The Latest: Republicans trade barbs over gas tax
SAN JOSE, Calif. (AP) — The Latest on the California gubernatorial debate (all times local):
Republican candidates for California governor have sparred over their competing efforts to repeal the state’s recent gas tax increase.
Huntington Beach Assemblyman Travis Allen and businessman John Cox both claim to be the strongest opponent of the 12-cent-per-gallon increase approved by the Legislature last year.
During Tuesday’s televised debate in San Jose, Allen said he was the first to launch an initiative drive against the gas tax.
Cox said his initiative was the only one to get enough signatures to qualify for the ballot. Elections officials are currently verifying the validity of those signatures to see whether voters will decide the issue in November.
Meanwhile, Democratic front runner Gavin Newsom says fixing roads requires more money, not less.

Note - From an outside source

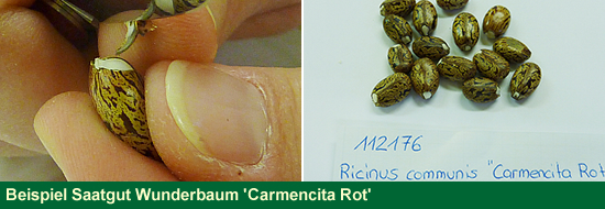 Bei Saatgut mit sehr harter Schale wie es beim Wunderbaum (Ricinus communis) der Fall ist, kann man das kleine Köpfchen an der Samenspitze mit einem Taschenmesser von oben nach unten abknicken, so dass der weisse Embryo ersichtlich wird. Der Samen ist somit fähig, von Anfang an Feuchtigkeit aufzunehmen und keimt dadurch schneller.

The leading candidates for California governor are calling for bold action to address the state’s epidemic of homelessness and its rising housing costs.
The candidates sparred in a San Jose debate televised statewide on Tuesday.
Republican Travis Allen called for tough enforcement of loitering restrictions and other laws to crack down on the homeless. He also said people living on the street should be housed in state institutions.
Democrats called for more support services to help people facing homelessness address addiction and mental health issues and find permanent homes.
California’s top-two primary has created new incentives for odd political alliances.
The Democratic front-runner, Gavin Newsom, has a new ad attacking Republican rival John Cox as an ally of President Donald Trump and the NRA. It’s just the kind of message that could benefit Cox as he seeks to consolidate Republican voters ahead of the June 5 primary.
All gubernatorial candidates are on the same primary ballot and the top two, regardless of party, advance to the November runoff. That means candidates aren’t staying in their Republican or Democratic lanes as they would in a traditional primary.
Newsom wants to face a Republican. But Cox is locked in a struggle for second place with former Los Angeles Mayor Antonio Villaraigosa, a Democrat.
The three, alongside Republican Travis Allen and Democrats John Chiang and Delaine Eastin will be on stage Tuesday for a debate.